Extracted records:
= = = = =

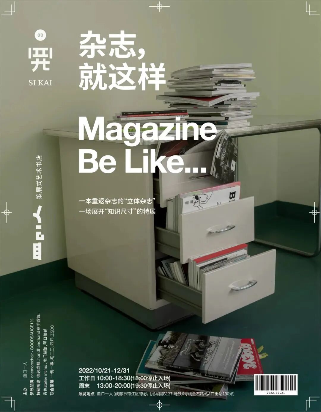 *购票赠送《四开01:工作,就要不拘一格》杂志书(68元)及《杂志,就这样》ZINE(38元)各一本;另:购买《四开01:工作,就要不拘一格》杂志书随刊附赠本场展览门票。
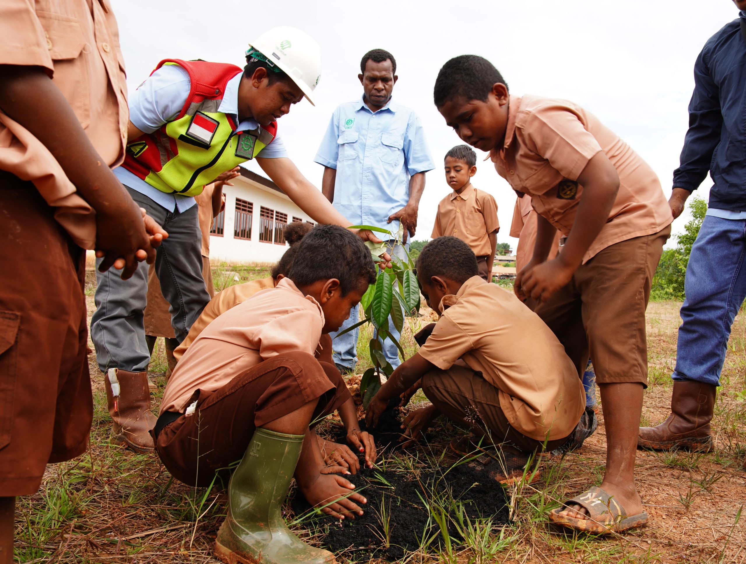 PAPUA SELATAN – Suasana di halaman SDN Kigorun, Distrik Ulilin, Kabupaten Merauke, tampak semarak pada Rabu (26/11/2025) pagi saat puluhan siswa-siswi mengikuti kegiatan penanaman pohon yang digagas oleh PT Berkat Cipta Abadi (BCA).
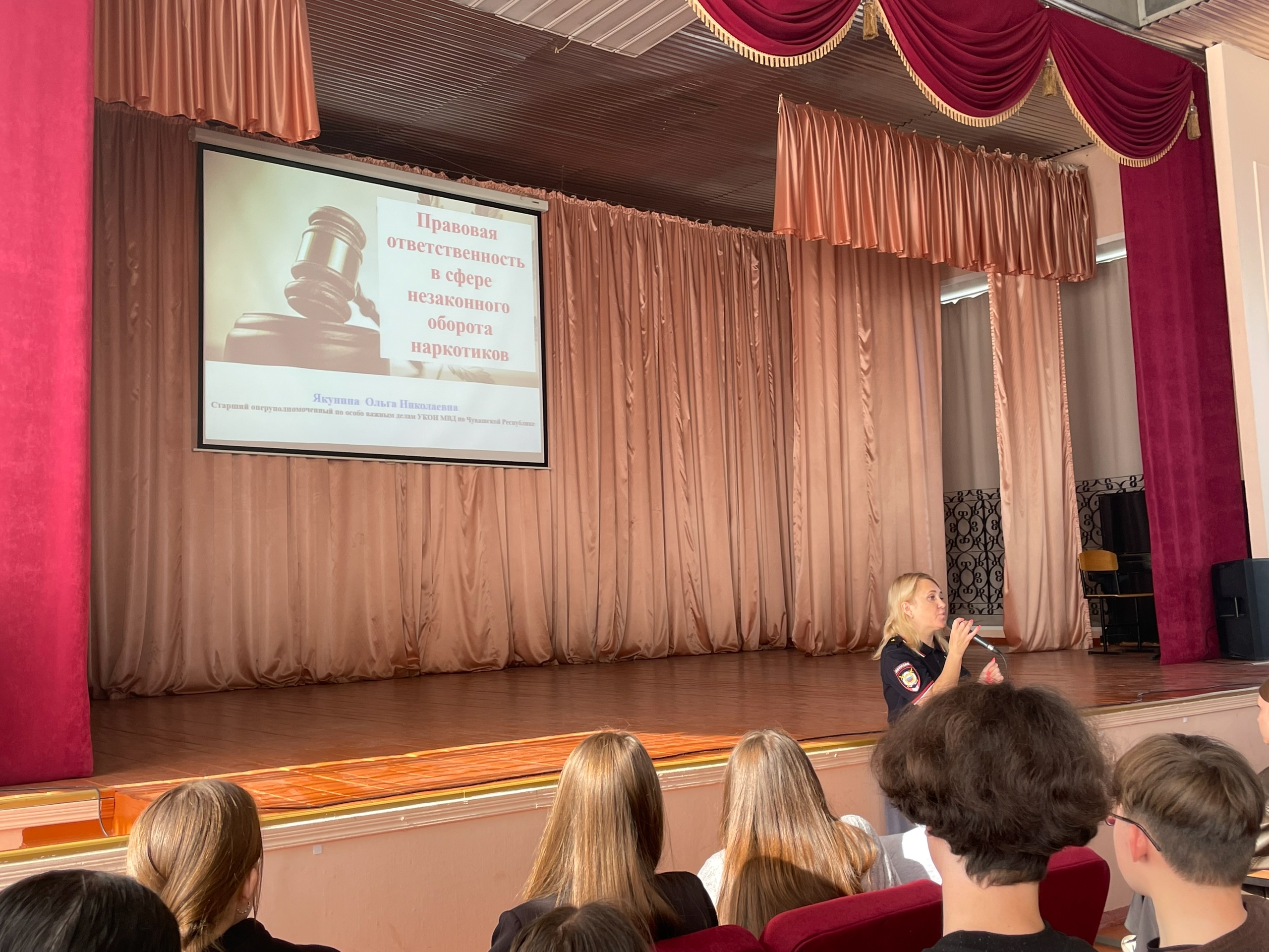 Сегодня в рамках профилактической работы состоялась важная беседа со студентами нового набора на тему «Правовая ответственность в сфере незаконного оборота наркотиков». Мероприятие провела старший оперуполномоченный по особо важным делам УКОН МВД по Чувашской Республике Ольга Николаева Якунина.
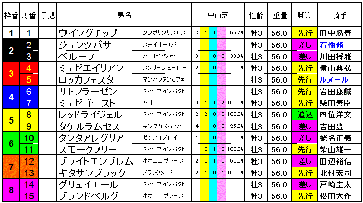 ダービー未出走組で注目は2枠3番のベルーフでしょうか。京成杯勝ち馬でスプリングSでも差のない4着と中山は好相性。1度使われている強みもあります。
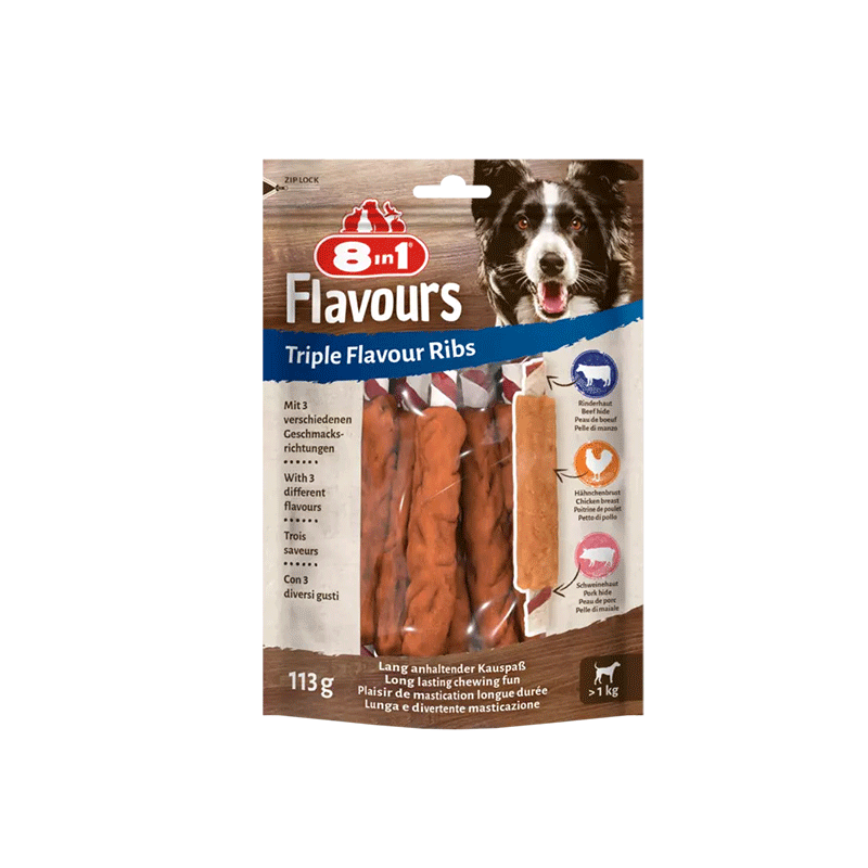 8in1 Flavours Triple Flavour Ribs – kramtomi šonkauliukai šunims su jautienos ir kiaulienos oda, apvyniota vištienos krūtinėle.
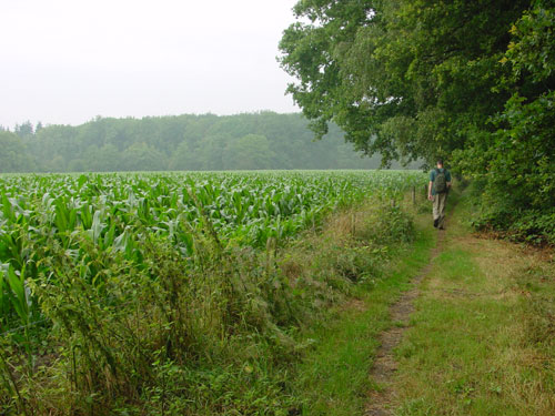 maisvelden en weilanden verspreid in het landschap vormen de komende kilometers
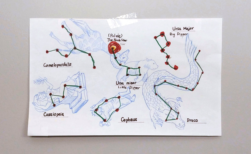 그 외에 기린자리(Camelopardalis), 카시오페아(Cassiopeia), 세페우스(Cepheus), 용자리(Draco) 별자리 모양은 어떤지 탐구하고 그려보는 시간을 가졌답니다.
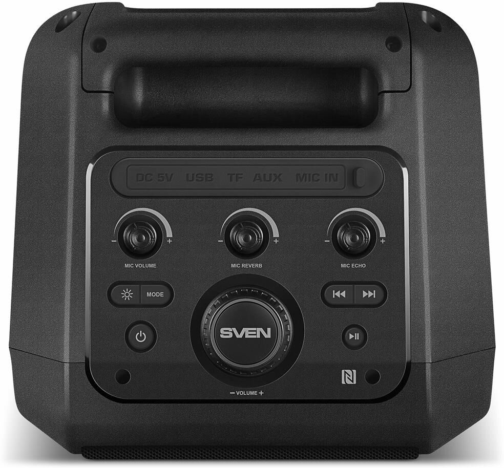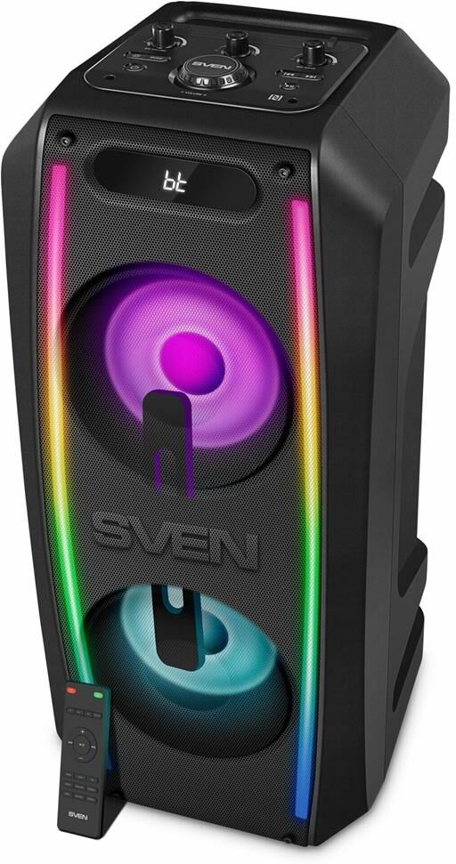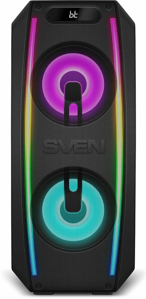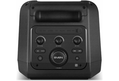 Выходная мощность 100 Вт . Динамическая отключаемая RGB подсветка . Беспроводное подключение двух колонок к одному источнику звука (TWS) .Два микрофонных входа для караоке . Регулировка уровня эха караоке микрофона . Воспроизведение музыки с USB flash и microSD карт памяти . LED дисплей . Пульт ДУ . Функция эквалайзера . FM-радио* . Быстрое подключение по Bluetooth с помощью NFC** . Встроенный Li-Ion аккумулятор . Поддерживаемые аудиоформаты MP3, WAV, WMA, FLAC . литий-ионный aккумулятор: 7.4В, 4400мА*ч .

= = = = =

Using the data above, print only the lines starting at the one with "Сегодня в рамках" and ending at the one with "그려보는 시간을 가졌답니다.", exactly as they stand, minus the pictures.

Response to this exercise »
 Сегодня в рамках профилактической работы состоялась важная беседа со студентами нового набора на тему «Правовая ответственность в сфере незаконного оборота наркотиков». Мероприятие провела старший оперуполномоченный по особо важным делам УКОН МВД по Чувашской Республике Ольга Николаева Якунина.
 ダービー未出走組で注目は2枠3番のベルーフでしょうか。京成杯勝ち馬でスプリングSでも差のない4着と中山は好相性。1度使われている強みもあります。
 8in1 Flavours Triple Flavour Ribs – kramtomi šonkauliukai šunims su jautienos ir kiaulienos oda, apvyniota vištienos krūtinėle.
 maisvelden en weilanden verspreid in het landschap vormen de komende kilometers
 그 외에 기린자리(Camelopardalis), 카시오페아(Cassiopeia), 세페우스(Cepheus), 용자리(Draco) 별자리 모양은 어떤지 탐구하고 그려보는 시간을 가졌답니다.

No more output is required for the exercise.